Cześć środowiska psychoterapeutów, wpływowych postaci mediów, zaprzyjaźniona z Samsonem, stanęło w jego obronie, co wywołało wstrząs opinii publicznej. I poczucie, że gdy pedofilem okazuje się przedstawiciel establishmentu to sprawa jest bagatelizowana.
W 2007 roku sąd uznał winę Samosna przy każdym z zarzutów i skazał go na 8 lat więzienia. Potem wyrok uchylono z powodów proceduralnych i sprawa trafiła do ponownego rozpatrzenia. Tego Samson już nie doczekał. Już podczas zatrzymania był poważnie chory. Miał cukrzycę, marskość wątroby, spowodowaną nadużywaniem alkoholu. Zmarł w marcu 2009 roku.
- Na dworcu także bywał Samson – wyjawił w czasie realizacji filmu „Pedofile” policjant prowadzący śledztwo w sprawie wykorzystywania nieletnich. – Skąd wiemy?

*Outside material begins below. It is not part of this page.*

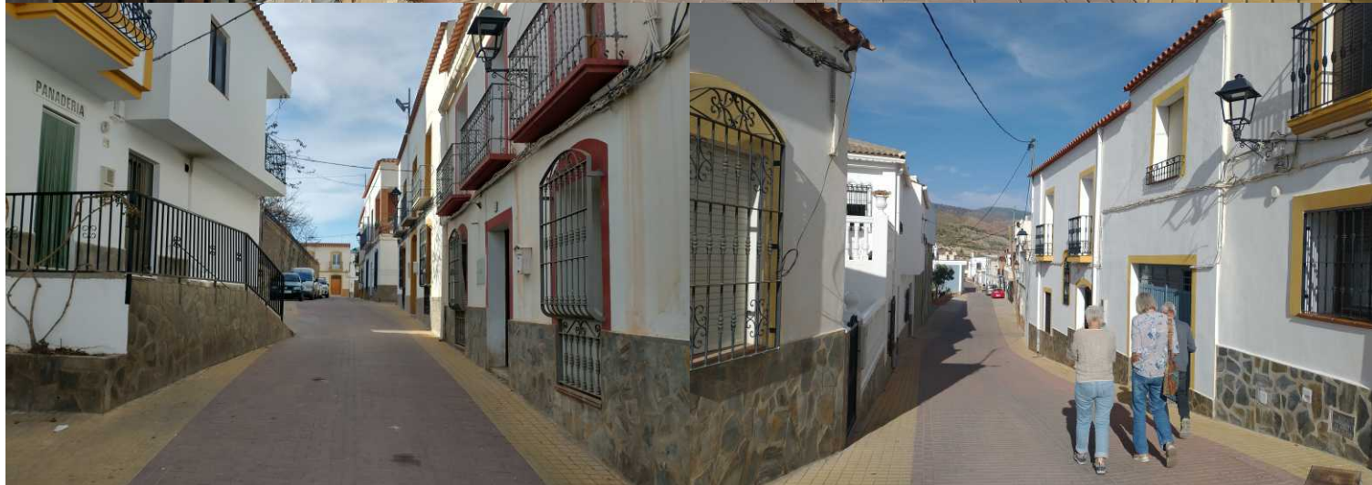
LB: Santa María la Mayor. RB, MO: Calle Ruiz Ocaña. RO: Calle Canario.

Chłopaki go poznali, zobaczyli w gazecie, gdy wybuchła afera. Dla nich większość znanych nam ludzi jest nieznana. Żyją w innym świecie.
On
04-07-2004 12:29
Z otrzymanego mejla: „Dwa lata temu jedna z gazetek (...) opublikowała reportaż z Dworca Centralnego. Pies z kulawą nogą się tym nie zainteresował. (...) Znalazły się tam fotki i sygnaturki dwóch panów: jednego reżysera, drugiego – polityka. Kilka miesięcy temu wspomniałem o tym jednemu filmowcowi, »że może, że Dworzec Centralny w Warszawie sprawa jest zastanawiająca etc.«. W odpowiedzi usłyszałem, że »reżyser dużo może i gdyby wyszło, iż „On” to „On”, to on (filmowiec bez dyplomu) nigdy już w Polsce nie nakręci filmu«. I tak to jest w polskim grajdole.”